September 25, 2007, 2:33 PM



September 25, 2007, 3:06 PM

This kid playing the guitar has skill but there is no art coming from his guitar.

Actually, that wasn't the question. Is skill intrinsic to music? Sure. I put up the four-hands thing because it's fun. I won't defend it as art. It's certainly music, though.



September 25, 2007, 3:41 PM

I think your analogy is a bit skewed, Franklin.

Skill is to art as water is to swimming? It should be the other way around.



September 25, 2007, 4:50 PM

Maybe it's an upside-down mirror analogy opie.



September 25, 2007, 5:24 PM

the longer you do something the easier it is to convince someone you know what you are doing.



September 25, 2007, 7:00 PM

I know. I hate that.
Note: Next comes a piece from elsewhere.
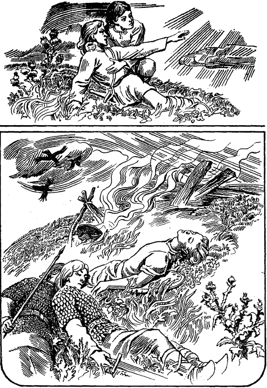Селище зустріло Роська сторожкою тишею. Інколи увірветься в неї тупіт копит, промчить на запаленому коні котрийсь із огнищан, здибить його біля свого дворища, сам теж задиханий і стривожений. Та забіжить до хижі, вхопить щита й списа — і уже хода тверда, впевнена, а вигляд рішучий. Ще озирнеться, махне рукою своїй ладі, яка стоїть на порозі й пригортає до себе малих чад, і подасться до річки… Роськові теж поспішати б туди, а він зупиниться раптом посеред дороги, закине догори голову і вдивляється в небо, мовби чогось очікуючи або ж вишукуючи в ньому… Птахи літають там, і крила їхні зблискують у сонячному мерехтінні. Шугають вгору-вниз, ніби викупуються в сяючому мареві. Жаринки вогню осідають на пір’їнах, а вони своїм стрімким летом роздмухують їх. Ось-ось, здається, спалахнуть і гарячими грудками впадуть у трави, випалюючи їх. От якби й справді ті птахи стали жаринками, впали на тих варягів, пропекли б наскрізь шоломи та лодії, щоб тільки попіл залишився. Та й той змила, забрала б з собою вода… Або засісти у верболозах на березі, взяти клоччя, намотати на стріли і — в ті лодії, одна за другою, щоб тільки свистіло й палахкотіло… Несла б їх річка темної ночі, а вони горіли б, мов купальські вогні. І виходили б люди, які живуть у весях на її берегах, дивувалися і раділи. А ще казали б: «Нехай не бродять ці варяги по чужих землях, не гострять зуби на людське добро. Забаглося їм наших медів посмакувати, а тепер воду п’ють, ніяк не нап’ються…» Хтось згадає і його, Роська з огнищанського роду, і дівчата складуть про нього веселу співанку. І заводитимуть її в час вечірньої зорі, погідної пори. І їхні голоси кудись заманюватимуть, заманюватимуть… Вестимуть понад берегом, у заросяні луки… Літана теж співатиме, і в дзвінкому її голосі вчуватиметься сум. Потім вона притишено розказувала б про те, як острах проймав її, коли він пускав стріли і палив оті варязькі лодії, як серце рвалося до нього, і ледь не вистрибнуло з грудей. Може, й мати почула б про нього, бо ж пісні літають скрізь, мов вітер… Усе це привиділось Роськові так виразно, що він увесь напружився, перехопив до рук лука, натягнув тятиву, і вона відгукнулася тонким дзвенінням. Спробував сильніше, потім ще і ще, аж пучки пальців затерпли. І щоразу з тятиви зривалися різкі звуки, мовби лук і справді перейнявся його нетерпінням і постогнував, тремтів… Звуки падали попереду, аж наче вибивали лунки в теплій пилюці, і хлопець біг за ними навздогінці. Перестрибнув через струмок у виярку, видерся на косогір і завмер у здивуванні та жахному передчутті… Від лісу, десь з-під самого червоного світла, котилася хмара. Здавалося, що то сонце, торкаючись землі, дерев, перепалює їх на попіл і вітер жене його до берега. З цього мороку, збиваючись і викручуючись, тягнулися догори довгі віхті. Сонячні промені торкалися їх і самі ставали чорними. Від цього споглядання в душі молодого воїна наростало тремтіння, як ота напнута тятива. І були в цьому тремтінні радість і захоплення: «Це віщун вмилостивив Перуна, і він наслав на варягів своїх духів у подобі чорної хмари… Це добрий знак…» Придивлявся пильніше, ніби й справді міг угледіти білу постать у цьому вируванні. Та сталося зовсім несподіване і негадане, бо з темних потоків вихопились схарапуджені коні. Вилетіли, мов чорні блискавиці… Позаду них торохкотів і підстри

They installed one in our house and I can't seem to get used to that upside-down image.



September 26, 2007, 8:55 AM

To the curious: visit "youtube" and punch in Derek Bailey in contrast to the guitar music demonstrated above for skill in music and tell me what you think!



September 26, 2007, 6:11 PM

ok never mind...


Geoff Bunn Art

September 30, 2007, 2:18 PM

Skill is no more intrinsic to art than it is to any other 'metier'. A child can produce art, a cat, a fool.

What is 'art' is is what is art.

What hangs in a gallery, however, is largely authority and/or privilege. And those who dictate what hangs there, want you all to think that there is an inner guile. That a way, they can keep it to themselves.

Free yourself up and squidge some paint onto a piece of board or paper.

Pip pip!



September 30, 2007, 5:10 PM

We try to make sense here, Geoff.


Marc Country

September 30, 2007, 7:42 PM

A child can produce a cat? Now THAT'S skill!